Implementing Consistent MMU Configuration and Cache Management
To resolve the memory corruption issue, the following steps must be taken to ensure consistent MMU configuration and proper cache management between EL3 and EL2:
-
Ensure Consistent Cacheability Attributes:
The cacheability attributes for the memory region must be identical at both EL3 and EL2. This includes configuring the MAIR (Memory Attribute Indirection Register) and the translation descriptors to use the same memory type (e.g., Normal Write-Back Cacheable). The MAIR values at EL3 and EL2 should be set as follows:MAIR_EL3 = 0x000000FF440C0400 MAIR_EL2 = 0x000000FF440C0400
-
Configure Translation Descriptors with Correct NS Bit:
The NS bit in the translation descriptors must be set consistently across EL3 and EL2. If the memory region is intended to be accessed as non-secure at EL2, the NS bit must be set in the descriptors at both levels. For example, the L1 descriptor at EL3 should be modified as follows:0x8000D010: 0x0000000080000611 0x0000000080000631
This ensures that the memory region is treated as non-secure at both EL3 and EL2.
-
Perform Proper TLB Invalidation and Cache Maintenance:
Before enabling the MMU at EL2, the TLB must be invalidated to ensure that any stale entries are removed. The following sequence should be used:DSB ISHST TLBI ALLE2 DSB ISH ISB
Additionally, if the memory region is cached, the cache must be invalidated to ensure that the processor accesses the correct data from memory. This can be done using the DC IVAC (Data Cache Invalidate by Virtual Address to Point of Coherency) instruction.
-
Enable MMU with Consistent SCTLR Settings:
The SCTLR (System Control Register) settings at EL2 must be consistent with those at EL3. Specifically, the WXN (Write Execute Never) bit should be configured to match the access permissions in the translation descriptors. For example:SCTLR_EL2 = 0x30C5183D
This ensures that the memory region is treated as writeable and executable if the descriptors permit it.
-
Use a Secure to Non-Secure Memory Copy Workaround:
If the above steps do not resolve the issue, a workaround can be implemented by copying the memory block from secure to non-secure space at EL3 before accessing it at EL2. This involves modifying the EL3 translation tables to map the same physical memory region to both secure and non-secure virtual addresses.

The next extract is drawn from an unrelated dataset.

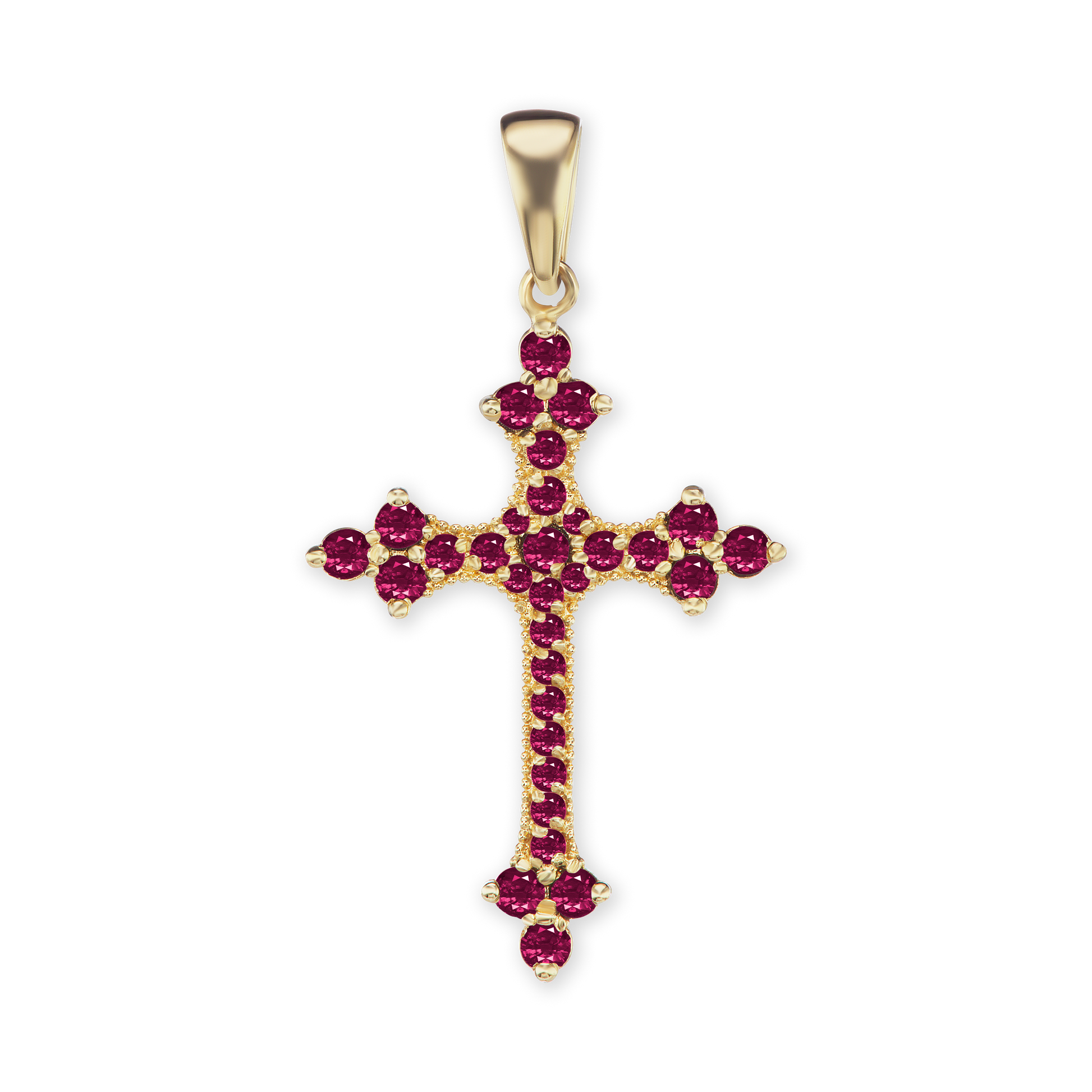 Trinity-Kreuz-Anhänger mit rosa Zirkonia in 18 Karat Gelbgold

For example:0x8000D010: 0x0000000080000611 0x0000000080000631
This allows the memory block to be copied from the secure virtual address (
0x80000000
) to the non-secure virtual address (0xC0000000
) at EL3. Once the copy is complete, the MMU at EL2 can be enabled with the translation tables configured to access the non-secure virtual address (0x80000000
).
By following these steps, the memory corruption issue can be resolved, ensuring that the memory block is accessed correctly at EL2 without any incoherency or corruption. The key is to maintain consistency in the MMU configuration and cache management between EL3 and EL2, while also ensuring proper TLB and cache maintenance operations are performed.